More than 95 percent of the funds donated to Wings of Hope have been spent for supplying aircraft and the services necessary to support them. The planes carry doctors and teachers. They transport the sick and injured to hospitals, and supply food and medicine to people struck by natural catastrophes. Wings of Hope offers its services to any legitimate humanitarian enterprise regardless of affiliation – all free. They do not fly clergy into the Amazon to whip religion onto the backwater tribes; they bring in needed services of health, education and physical aid.
Typical of the dramas occurring everyday is the following, reported to Wings of Hope headquarters by Sink Manning, chief pilot, stationed in Guatemala.
“A man about 30 was clearing his parcel of land when one of the trees he was felling changed its course and came down directly on his head. Two of his neighbors passing by found him crushed under the tree, pulled him out and carried him to his hut. They were sure that he must be dead; his head was split wide open to the skull and his shoulder was crushed. But, after several hours he began to move. They put him on a makeshift tree bark stretcher and hauled him through the jungles to the missionary clinic. The Indian in charge of the clinic did not think that he was up to stitching the man; neither did I. I decided to fly him to the City. All I had to do was to get clear of the field and then it’s a matter of dead reckoning parallel to the mountains until I have enough altitude to clear the peaks and then head on into Guatemala City.

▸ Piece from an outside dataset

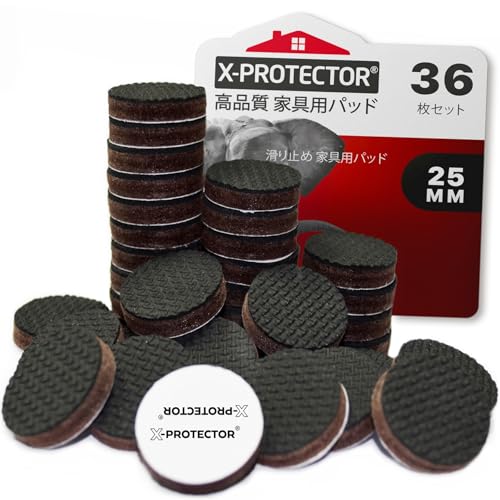 X-Protector滑り止め家具パッドは、36個入りのゴム製グリッパーです。サイズは2.5cmで、黒と茶色の2色展開。家具脚に取り付けることで、ズレや傷を防ぎ、床を守ります。

“We loaded him into the Cessna 180. We were off! It was black out there, no horizon, no ground light, no stars, no nothing. We finally broke through the overcast at 9,500 feet and found ourselves over a beautiful moonlit ocean of clouds. We made contact with Guatemala City approach control and requested a waiting ambulance.
“Doctors performed a cranial operation and the man was back at work in three weeks.”
Many new ideas have sprung up in the organization. In areas inaccessible to aircraft, parachuting can serve people’s needs. Native doctors are being trained to supply basic first-aid instruction to the inhabitants of remote villages served by Wings of Hope. Parachutes and equipment have been donated for this venture and personnel have been trained in the maintenance and repair of equipment.
One of the tragic situations that Wings of Hope seeks to overcome is children dying of infectious disease in Central America, when the medicines and antibiotics that could save their lives are stored in a warehouse in Guatemala City. As these words are being written, Wings of Hope has no fewer than 20 urgent requests for assistance from suffering people on four continents.
In the aftermath of Hurricane Fifi, which killed 5,000 Guatemalans, ruined crops, contaminated water systems and created a perfect situation to level the populace with typhoid fever, Wings of Hope flew around the clock delivering milk, medicine, typhoid shots, food and medical teams to remote areas cut off from communication with the outside world. The weather was marginal, the terrain hazardous and the country was a desolate swamp. In short, things were an unbelievable mess. The aid and assistance rendered by Wings of Hope accomplished more good for the United States than any government giveaway could ever achieve.
Tax deductible contributions from the aviation community may be in several forms. Cash, of course, is great, but they seek new or used airplanes, engines, avionics, medicine, tools, real estate, boats, good used cars or trucks, heavy equipment tools and the hundreds of items necessary to lessen human misery on four continents. Wings of Hope headquarters is at 2319 Hampton Avenue, St. Louis, Missouri 63139. American Airline pilots chipped in and bought Wings of Hope a Cessna 180 Skywagon. The American business and commercial aviation community can do far more if they only will.